**REQUIREMENT**
In the listing below, locate the line containing "Warmth crafted by" and the line containing "De Hampton salontafel". Output both of them and every line between, exactly as written, and nothing more.

**PROVIDED MATERIAL**
•••••

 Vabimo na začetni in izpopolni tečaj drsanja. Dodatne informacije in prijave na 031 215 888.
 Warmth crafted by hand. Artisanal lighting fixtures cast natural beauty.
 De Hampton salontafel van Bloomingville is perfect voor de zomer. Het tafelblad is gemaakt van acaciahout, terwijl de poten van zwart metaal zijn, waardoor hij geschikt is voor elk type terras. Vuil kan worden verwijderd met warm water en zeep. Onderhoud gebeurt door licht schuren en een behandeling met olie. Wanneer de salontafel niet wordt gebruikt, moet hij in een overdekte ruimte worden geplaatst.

•••••

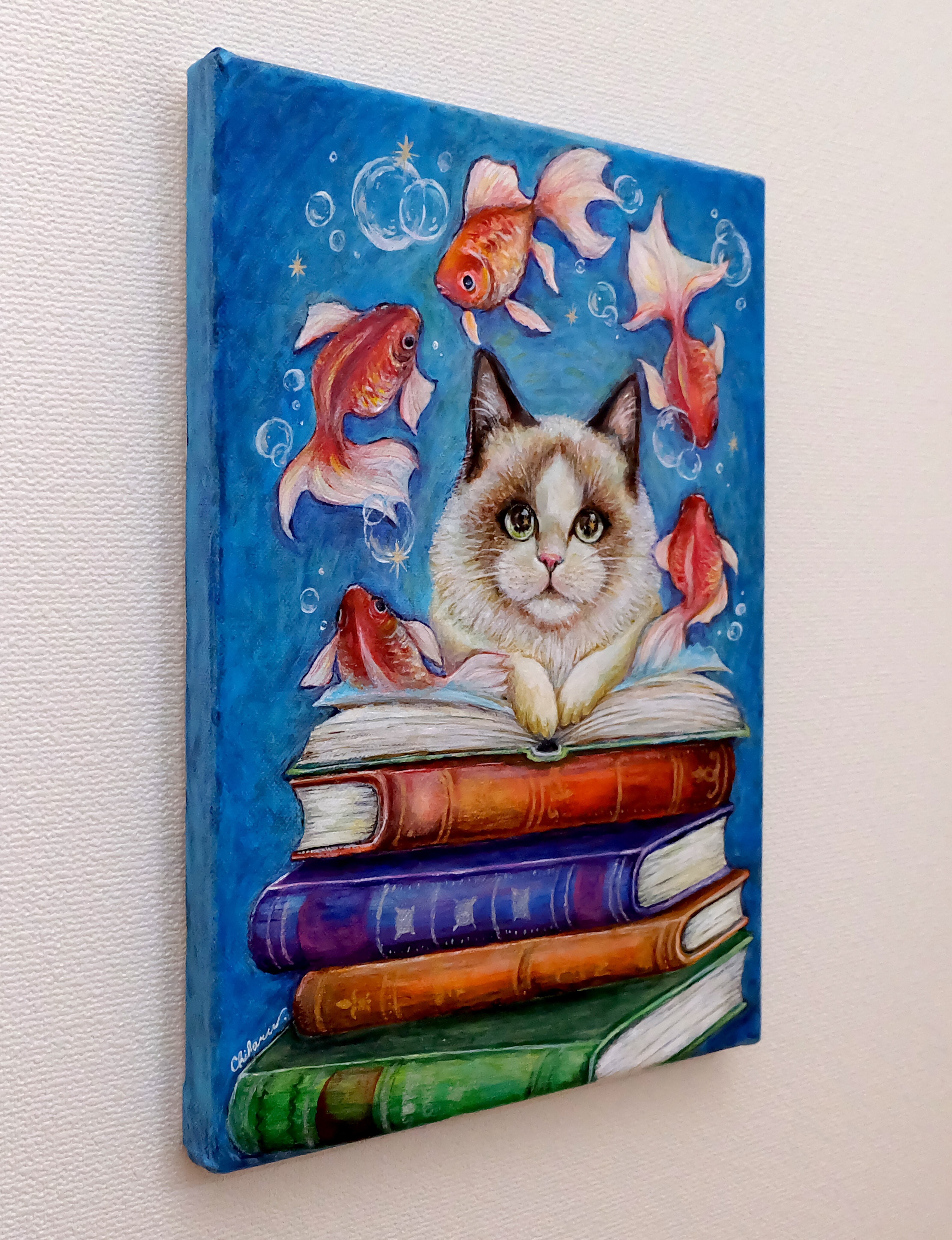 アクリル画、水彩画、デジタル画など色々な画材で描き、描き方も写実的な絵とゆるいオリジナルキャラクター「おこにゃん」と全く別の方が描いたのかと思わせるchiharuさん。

•••••

**RESULT**
 Warmth crafted by hand. Artisanal lighting fixtures cast natural beauty.
 De Hampton salontafel van Bloomingville is perfect voor de zomer. Het tafelblad is gemaakt van acaciahout, terwijl de poten van zwart metaal zijn, waardoor hij geschikt is voor elk type terras. Vuil kan worden verwijderd met warm water en zeep. Onderhoud gebeurt door licht schuren en een behandeling met olie. Wanneer de salontafel niet wordt gebruikt, moet hij in een overdekte ruimte worden geplaatst.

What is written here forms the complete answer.